Providing a new keyterms array completely replaces the existing set; sending an empty array `[]` removes all keyterms and resets context biasing to the default state. New values take effect immediately for subsequent audio processing.

See [Updating configuration mid-stream](/streaming/updating-configuration-mid-stream) for the full list of parameters you can update mid-stream.

## What prompting is not

* **Prompting does not control output formatting.** Instructions in the prompt (punctuation rules, verbatim directives, formatting commands) are not supported — transcription behavior is managed internally and already optimized for streaming and turn detection.

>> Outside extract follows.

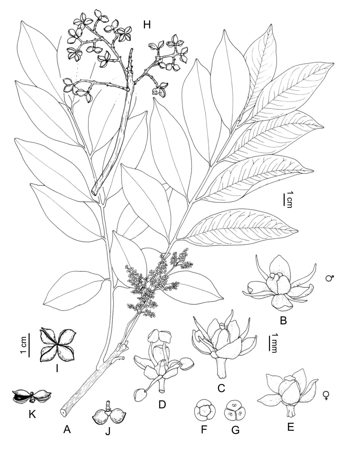 A. Rama florífera. B-D. Flores. E. Flor. F. Ovario visto desde arriba. G. Ovario, corte transversal. H. Infrutescencia. I. Fruto. J-K. Detalle del fruto. Tomado de Fl. Paraguay 8: fig. 12. 1987.

## Looking for async prompting?

Prompting behavior differs between streaming and async (pre-recorded) use cases. This guide covers prompting for **streaming (real-time audio)**. If you're working with pre-recorded audio, see the [Prompting Guide (Async)](/pre-recorded-audio/universal-3-pro/prompting) and [Keyterms prompting (Async)](/pre-recorded-audio/universal-3-pro/prompting#keyterms-prompting).